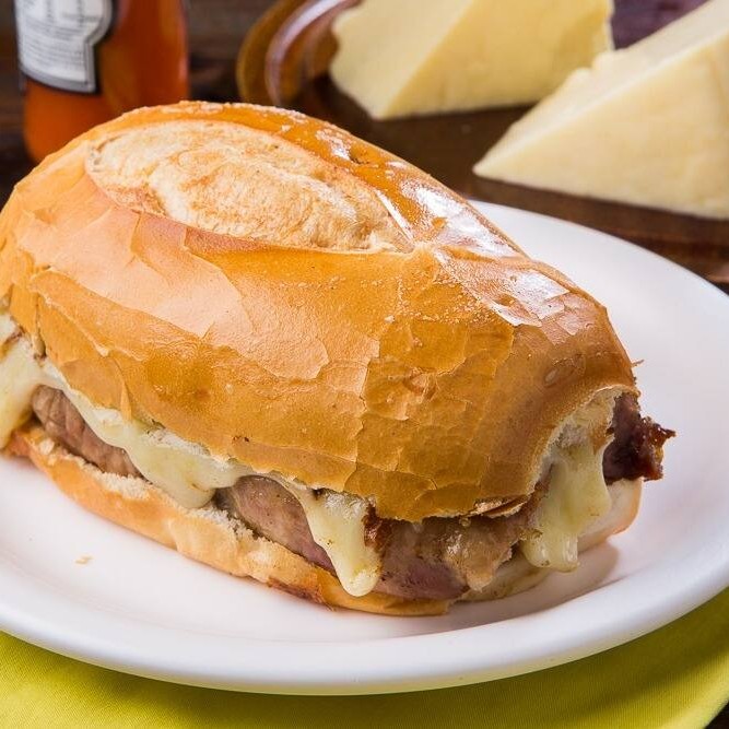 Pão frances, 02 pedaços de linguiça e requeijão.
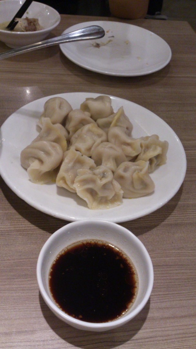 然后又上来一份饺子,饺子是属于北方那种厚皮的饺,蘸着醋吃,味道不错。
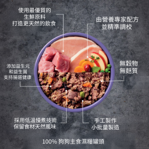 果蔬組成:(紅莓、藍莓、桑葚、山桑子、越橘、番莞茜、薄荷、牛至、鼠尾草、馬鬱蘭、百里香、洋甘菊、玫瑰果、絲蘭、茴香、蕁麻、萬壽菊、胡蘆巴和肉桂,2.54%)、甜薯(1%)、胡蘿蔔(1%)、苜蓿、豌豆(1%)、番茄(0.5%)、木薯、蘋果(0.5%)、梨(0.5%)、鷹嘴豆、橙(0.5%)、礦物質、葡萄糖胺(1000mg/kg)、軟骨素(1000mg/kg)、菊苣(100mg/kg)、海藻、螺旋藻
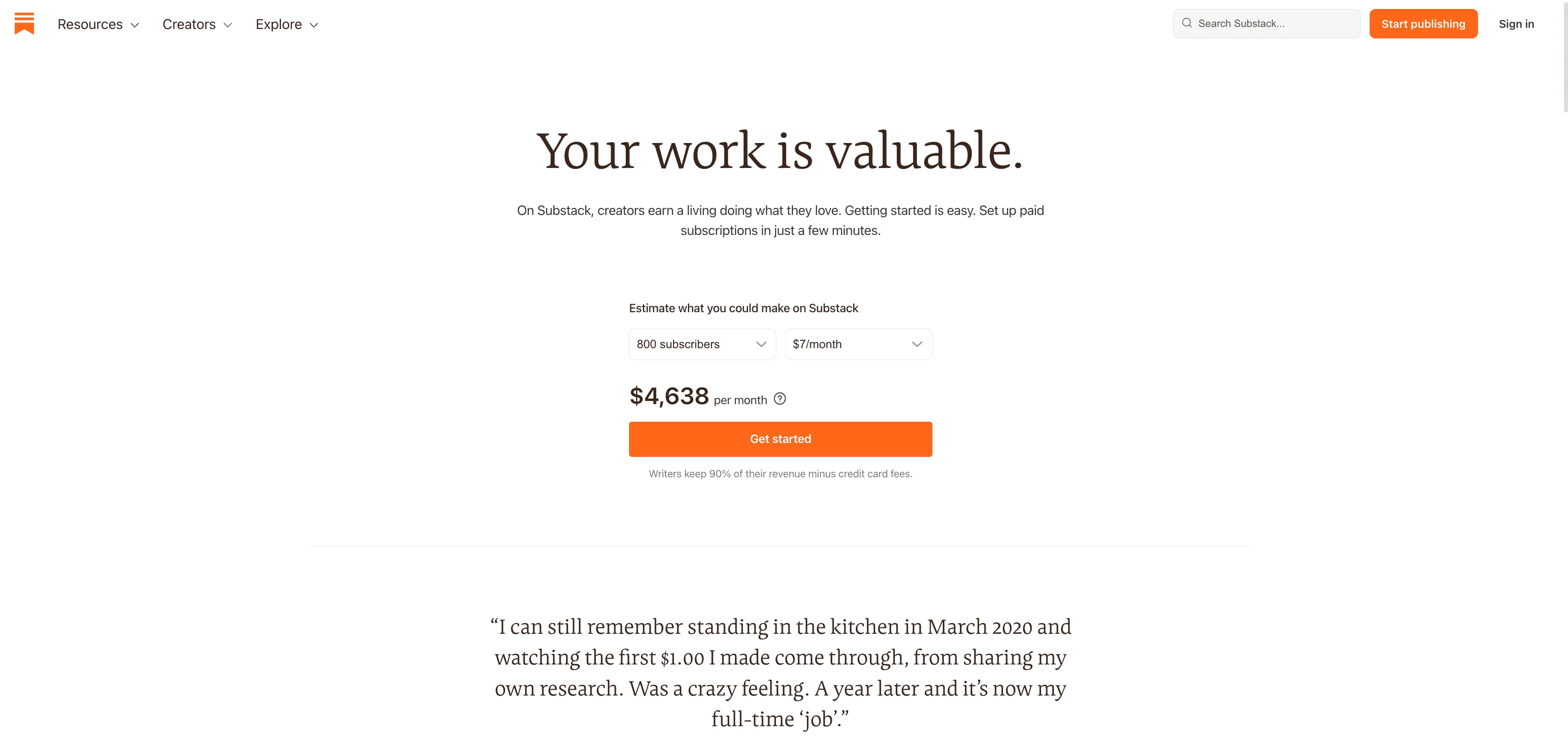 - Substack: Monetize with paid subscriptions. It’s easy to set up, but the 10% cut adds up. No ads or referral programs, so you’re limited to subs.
-*-
Instructions to follow -
Retype all the data exactly; skip the pictures.

Exercise result -
 Pão frances, 02 pedaços de linguiça e requeijão.
 然后又上来一份饺子,饺子是属于北方那种厚皮的饺,蘸着醋吃,味道不错。
 果蔬組成:(紅莓、藍莓、桑葚、山桑子、越橘、番莞茜、薄荷、牛至、鼠尾草、馬鬱蘭、百里香、洋甘菊、玫瑰果、絲蘭、茴香、蕁麻、萬壽菊、胡蘆巴和肉桂,2.54%)、甜薯(1%)、胡蘿蔔(1%)、苜蓿、豌豆(1%)、番茄(0.5%)、木薯、蘋果(0.5%)、梨(0.5%)、鷹嘴豆、橙(0.5%)、礦物質、葡萄糖胺(1000mg/kg)、軟骨素(1000mg/kg)、菊苣(100mg/kg)、海藻、螺旋藻
 - Substack: Monetize with paid subscriptions. It’s easy to set up, but the 10% cut adds up. No ads or referral programs, so you’re limited to subs.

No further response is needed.